Excerpted records Start Marker

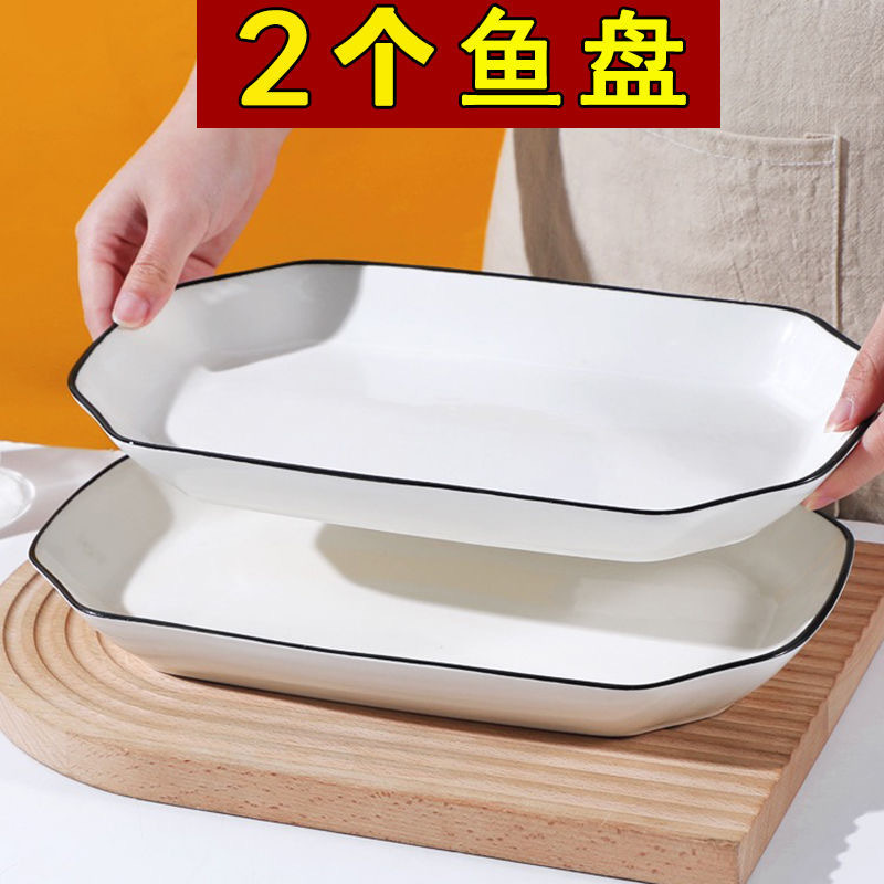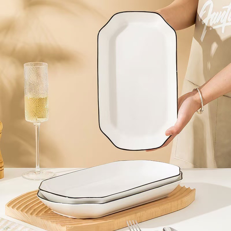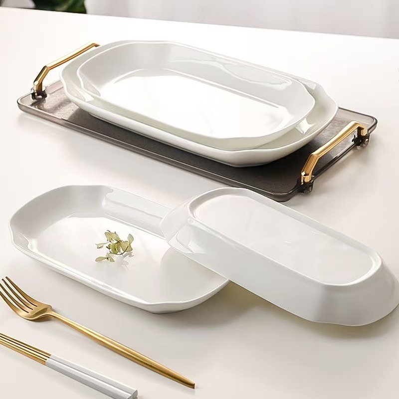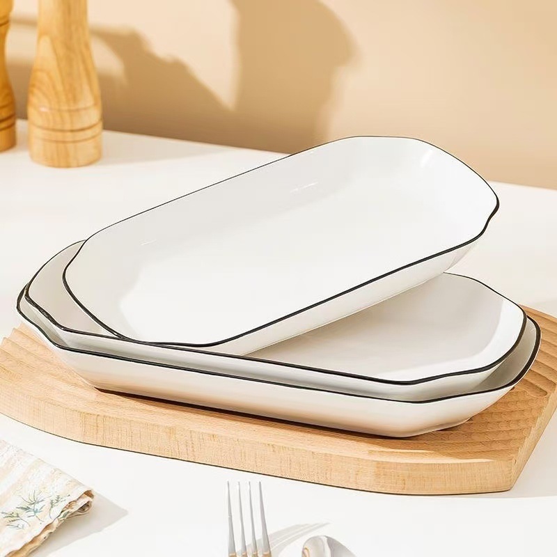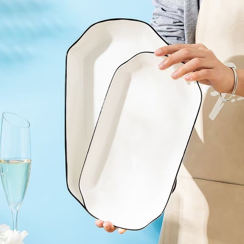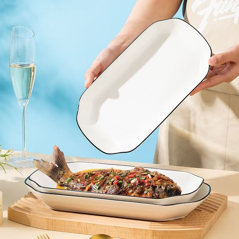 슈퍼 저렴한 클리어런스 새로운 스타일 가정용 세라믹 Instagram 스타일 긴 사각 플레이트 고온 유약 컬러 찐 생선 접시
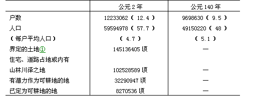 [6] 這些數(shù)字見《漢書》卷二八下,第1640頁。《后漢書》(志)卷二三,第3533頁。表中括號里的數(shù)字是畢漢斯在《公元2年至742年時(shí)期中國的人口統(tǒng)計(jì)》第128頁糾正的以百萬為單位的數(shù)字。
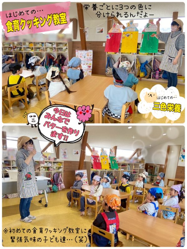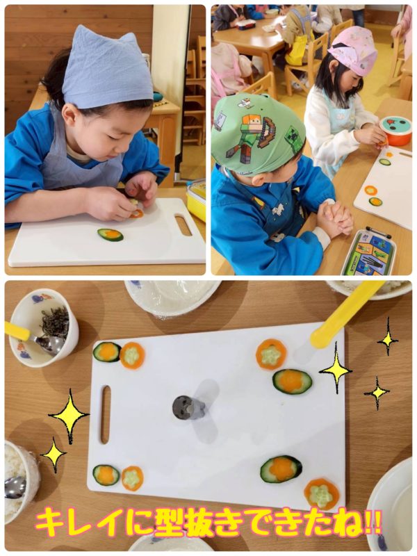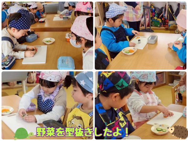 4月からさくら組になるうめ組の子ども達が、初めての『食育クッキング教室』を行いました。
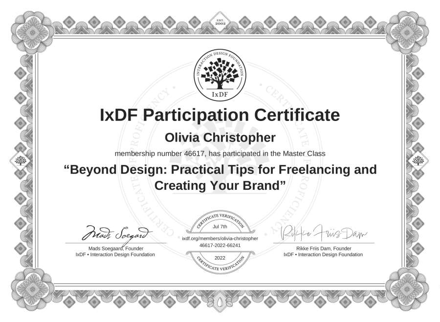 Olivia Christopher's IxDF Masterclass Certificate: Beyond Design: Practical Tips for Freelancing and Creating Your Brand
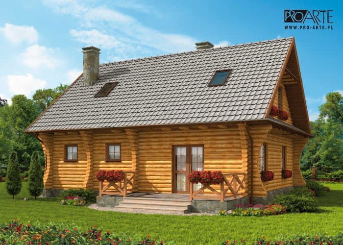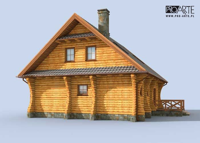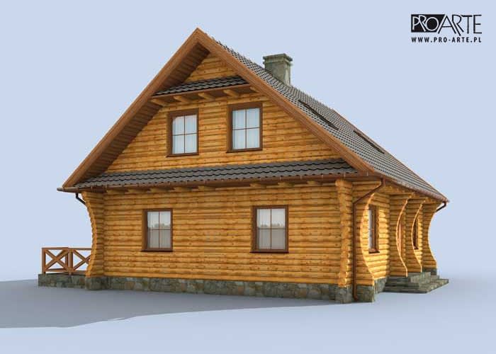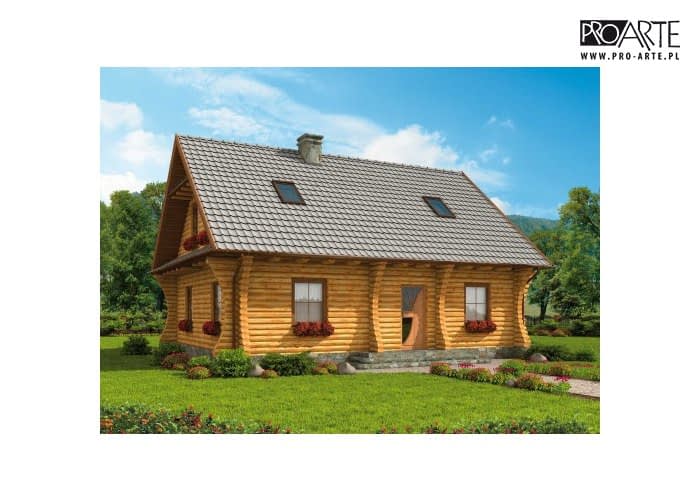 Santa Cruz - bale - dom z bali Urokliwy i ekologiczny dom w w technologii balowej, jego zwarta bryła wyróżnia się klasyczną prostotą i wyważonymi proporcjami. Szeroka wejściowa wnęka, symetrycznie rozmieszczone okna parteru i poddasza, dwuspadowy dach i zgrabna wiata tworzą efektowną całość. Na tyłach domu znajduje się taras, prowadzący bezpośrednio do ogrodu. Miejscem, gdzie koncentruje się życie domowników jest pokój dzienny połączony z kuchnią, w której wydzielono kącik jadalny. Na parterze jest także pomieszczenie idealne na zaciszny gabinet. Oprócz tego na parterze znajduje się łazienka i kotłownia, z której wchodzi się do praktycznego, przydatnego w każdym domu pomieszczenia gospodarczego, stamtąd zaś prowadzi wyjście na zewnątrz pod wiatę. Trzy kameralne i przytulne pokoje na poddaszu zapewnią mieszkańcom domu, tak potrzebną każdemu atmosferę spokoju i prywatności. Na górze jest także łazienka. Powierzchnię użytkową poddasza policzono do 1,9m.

Excerpted records End Marker

Problem requirements |
Look above for the line containing "4月からさくら組になるうめ組", then write out every line from there down to the line containing "Olivia Christopher's IxDF", that line included, with no pictures.

Reply to the task |
 4月からさくら組になるうめ組の子ども達が、初めての『食育クッキング教室』を行いました。
 Olivia Christopher's IxDF Masterclass Certificate: Beyond Design: Practical Tips for Freelancing and Creating Your Brand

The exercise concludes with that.